* **Supplied records**
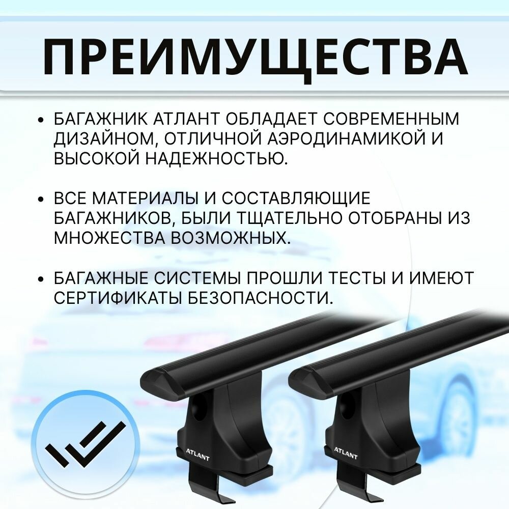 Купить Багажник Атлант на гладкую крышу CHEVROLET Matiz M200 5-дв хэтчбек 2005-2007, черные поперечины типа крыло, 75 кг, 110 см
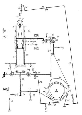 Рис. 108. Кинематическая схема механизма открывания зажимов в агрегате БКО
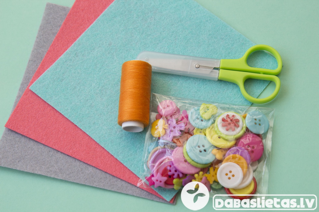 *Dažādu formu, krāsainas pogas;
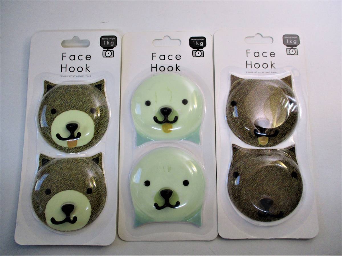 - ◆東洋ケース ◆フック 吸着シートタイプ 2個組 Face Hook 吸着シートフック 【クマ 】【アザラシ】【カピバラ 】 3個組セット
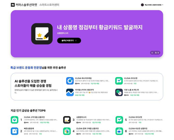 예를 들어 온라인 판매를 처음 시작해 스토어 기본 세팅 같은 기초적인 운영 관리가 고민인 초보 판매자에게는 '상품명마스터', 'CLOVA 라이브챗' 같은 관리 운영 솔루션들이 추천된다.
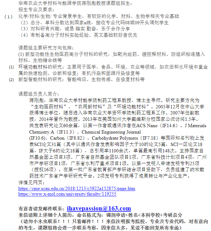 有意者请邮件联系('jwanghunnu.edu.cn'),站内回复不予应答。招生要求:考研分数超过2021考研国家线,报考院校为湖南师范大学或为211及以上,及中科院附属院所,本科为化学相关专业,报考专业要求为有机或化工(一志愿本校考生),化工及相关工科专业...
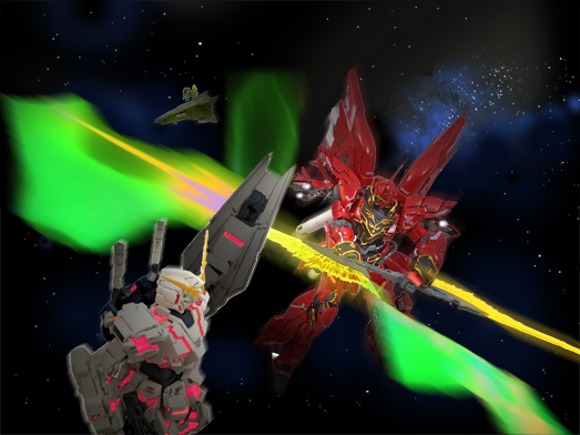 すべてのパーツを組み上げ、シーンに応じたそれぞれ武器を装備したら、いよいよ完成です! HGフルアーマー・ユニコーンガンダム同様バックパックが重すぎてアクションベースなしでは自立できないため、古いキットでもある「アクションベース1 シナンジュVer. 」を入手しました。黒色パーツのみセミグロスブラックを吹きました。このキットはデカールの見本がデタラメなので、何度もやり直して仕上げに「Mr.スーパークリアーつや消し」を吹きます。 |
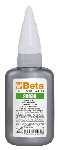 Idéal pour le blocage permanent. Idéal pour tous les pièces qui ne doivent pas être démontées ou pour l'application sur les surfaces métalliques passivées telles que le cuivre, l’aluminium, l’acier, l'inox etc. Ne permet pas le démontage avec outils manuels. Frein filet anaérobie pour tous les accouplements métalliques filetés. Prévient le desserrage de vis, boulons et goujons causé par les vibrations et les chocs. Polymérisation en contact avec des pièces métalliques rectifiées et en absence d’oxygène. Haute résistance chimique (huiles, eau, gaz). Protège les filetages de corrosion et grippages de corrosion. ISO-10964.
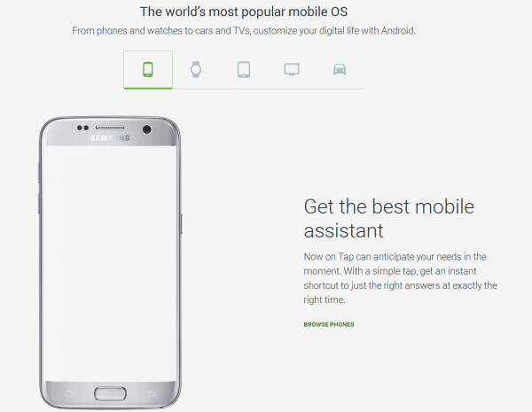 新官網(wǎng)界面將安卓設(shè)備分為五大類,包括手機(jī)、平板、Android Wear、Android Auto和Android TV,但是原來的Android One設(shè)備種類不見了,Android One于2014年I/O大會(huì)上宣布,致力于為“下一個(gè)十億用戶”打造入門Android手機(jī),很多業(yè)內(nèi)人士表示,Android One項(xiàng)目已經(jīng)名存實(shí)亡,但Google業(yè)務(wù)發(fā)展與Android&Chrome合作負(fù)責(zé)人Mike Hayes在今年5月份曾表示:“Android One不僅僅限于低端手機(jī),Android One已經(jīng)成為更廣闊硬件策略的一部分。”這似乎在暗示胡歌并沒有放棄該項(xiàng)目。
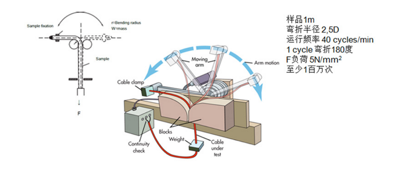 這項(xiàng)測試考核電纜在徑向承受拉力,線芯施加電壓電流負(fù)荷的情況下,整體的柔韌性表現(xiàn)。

* **Aim of the task**
Skip the pictures and copy exactly the lines from the one containing "Wear、Android Auto和Android TV,但是原來的Android" through the end of the material, both ends included.

* **Completed exercise**
 新官網(wǎng)界面將安卓設(shè)備分為五大類,包括手機(jī)、平板、Android Wear、Android Auto和Android TV,但是原來的Android One設(shè)備種類不見了,Android One于2014年I/O大會(huì)上宣布,致力于為“下一個(gè)十億用戶”打造入門Android手機(jī),很多業(yè)內(nèi)人士表示,Android One項(xiàng)目已經(jīng)名存實(shí)亡,但Google業(yè)務(wù)發(fā)展與Android&Chrome合作負(fù)責(zé)人Mike Hayes在今年5月份曾表示:“Android One不僅僅限于低端手機(jī),Android One已經(jīng)成為更廣闊硬件策略的一部分。”這似乎在暗示胡歌并沒有放棄該項(xiàng)目。
 這項(xiàng)測試考核電纜在徑向承受拉力,線芯施加電壓電流負(fù)荷的情況下,整體的柔韌性表現(xiàn)。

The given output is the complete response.